In this study, we integrated two disparate transcriptomic and metabolomic datasets to find meaningful biomarkers and then used an independent dataset to test the sensibility and specificity of these biomarkers.

Results

By using integrated two datasets, we discovered that the biomarkers involved in the glycolysis pathway are highly enriched, including 4 genes (ENO1, TPI1, PKG1 and LDHC) and 2 metabolites (lactate and pyruvate). The 4 genes were significantly down-regulated in OS samples as well as the 2 metabolites. The mixed metabolites + genes signature also outperformed metabolites or genes alone, with recall being 0.813 and F-measure being 0.812. And the AUC value of metabolites + genes classifier was 0.825 (compared to 0.58 for metabolites and 0.821 for genes alone).

Conclusion

Our findings establish that integrated transcriptomic and metabolomic signature can be used to distinguish OS malignant with good diagnostic accuracy superior to other methods.

Electronic supplementary material

The online version of this article (doi:10.1007/s00432-014-1719-y) contains supplementary material, which is available to authorized users.

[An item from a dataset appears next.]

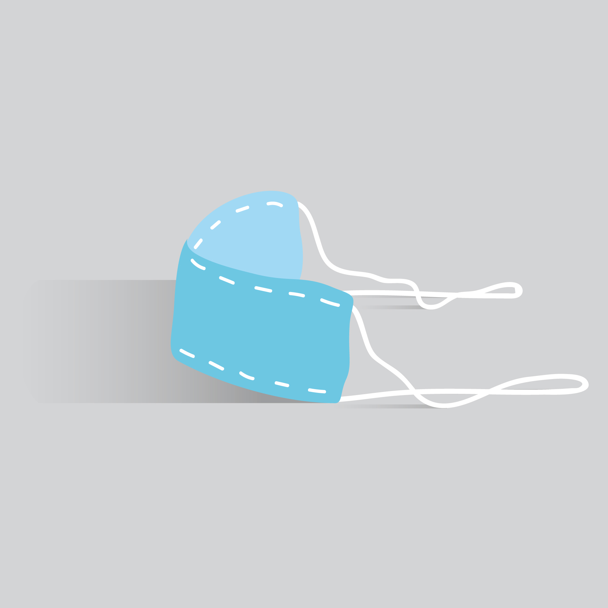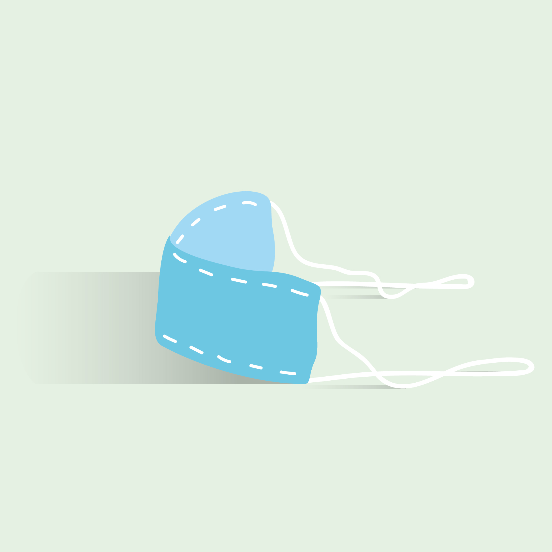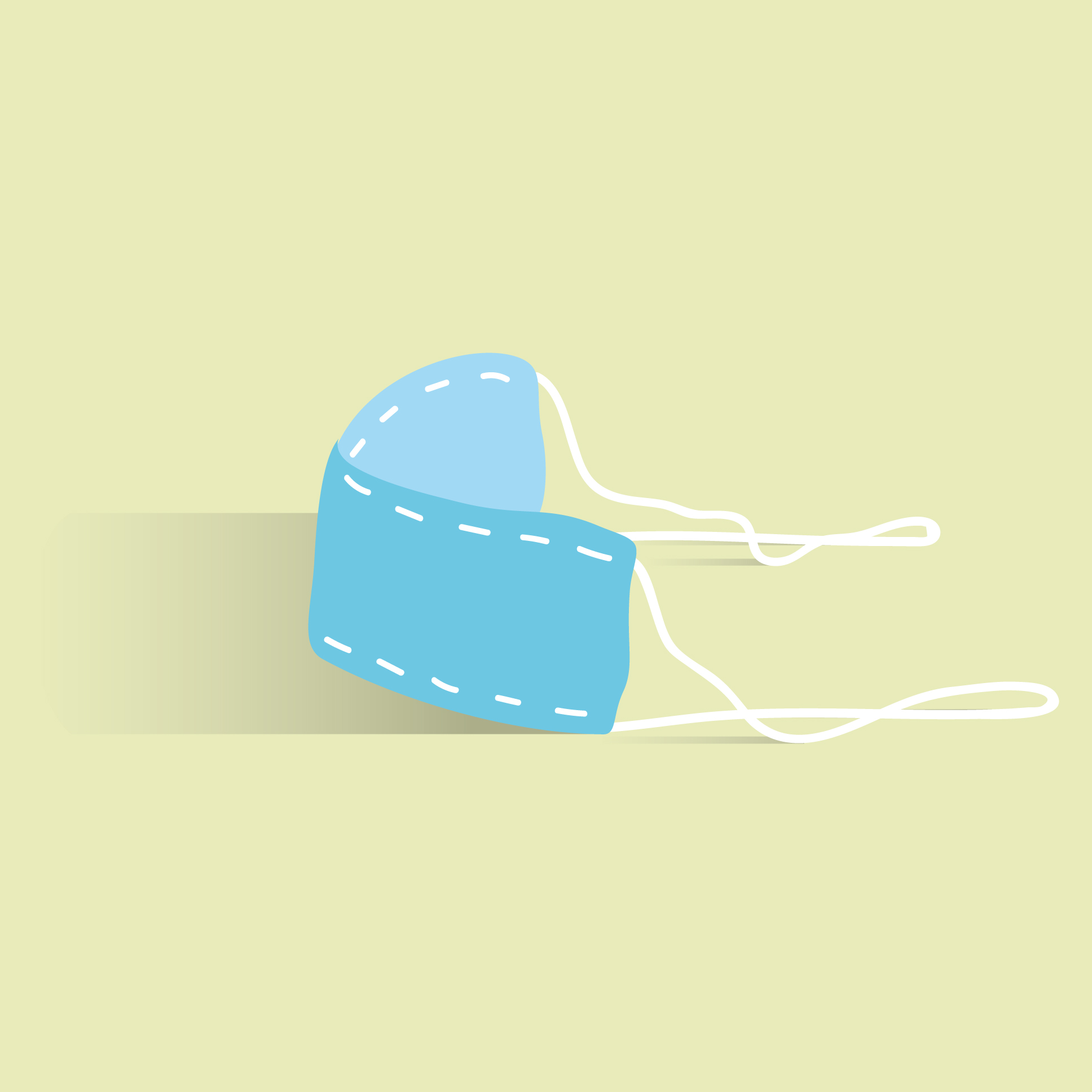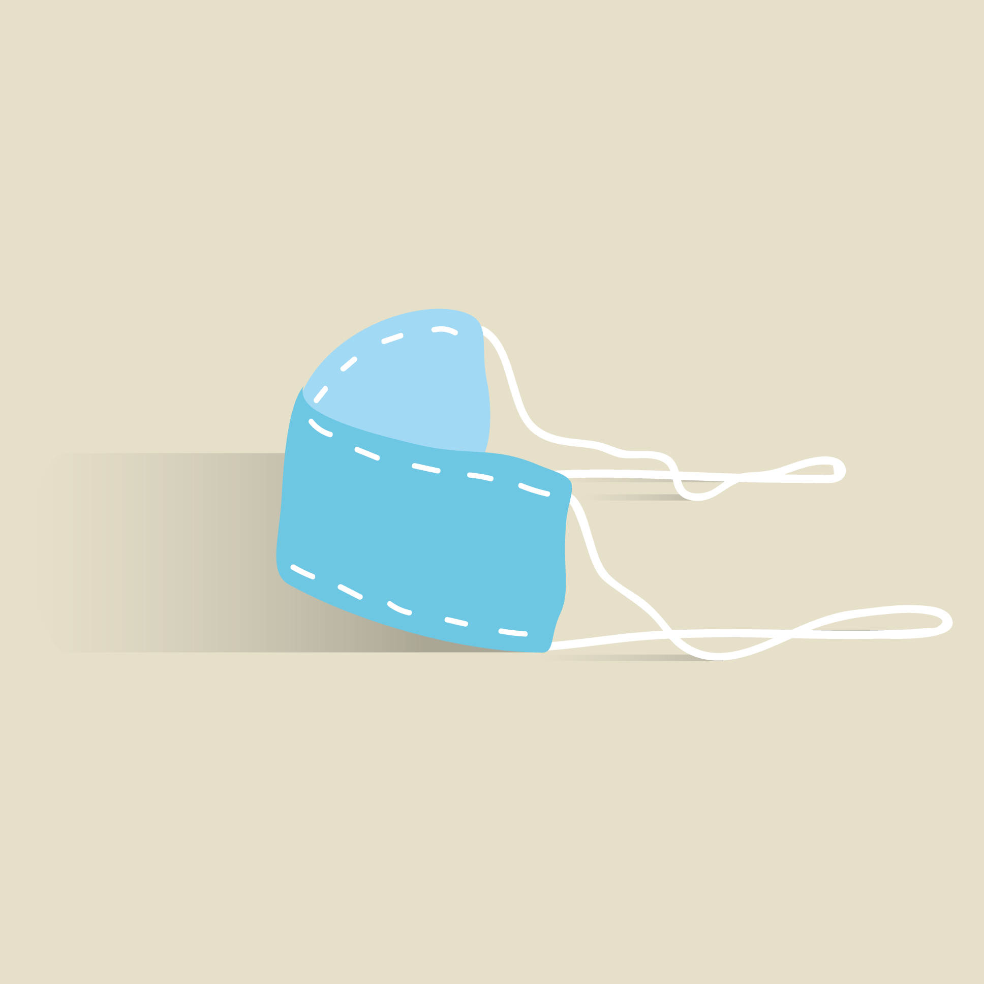 천에 마치 실을 꿰맨 것과 같은 형태로 하고 있는 마스크 그림입니다. 흰색 끈이 달려있고 천에 박음질이 되어있는 것 같은 느낌입니다.

Keywords: Osteosarcoma, Metabolome, Transcriptome, Data integration

Introduction

Osteosarcoma (OS) is the most common highly malignant tumor of the bone and often manifests during the second or third decade of life. It accounts for approximately 60 % of all malignant bone tumors occurring in the first 2 decades of life and has an annual incidence of about 5.6 cases per million population (Stein 1975). The introduction of neoadjuvant chemotherapy 20 years ago increased long-term survival rates from 10–20 % to nearly 60–70 % (Sandberg and Bridge 2002). Although adjuvant chemotherapy effectively improves patient survival and treatment of primary tumors, some patients who present with metastatic disease and some with tumors that recur after treatment continue to have a poor prognosis. The estimated 5-year survival rate after relapse is only 25 %. Small, recurrent tumors can be hard to detect during follow-up because most are localized and difficult to access. Although computed tomography or magnetic resonance imaging is usually performed, the distinction between inflammation and recurrent tumor is sometimes impossible. Therefore, new techniques for the early diagnosis and treatment of OS are urgently needed (Jin et al. 2012).

Several attempts have been made to predict the occurrence and prognosis of OS based on single or multiple clinicopathologic features such as the severity of the liver function, age, tumor size, grade, microvascular invasion, portal vein thrombosis and the presence of microsatellite regions. However, their clinical applicability is worthy of further large-scale validations (Toguchida et al. 1989; Lopez-Guerrero et al. 2004). Recent studies on gene expression profiles could successfully predict the occurrence, progression or survival of cancers, but the lack of consistency of these microarray-based predictors generated from the heterogeneity of the patient cohorts and the difference in microarray platforms remain one of the major obstacles to their clinical use, making it necessary to identify a reliable and consistent predictor that is robust enough to overcome the variabilities induced by different platforms or different patient cohorts.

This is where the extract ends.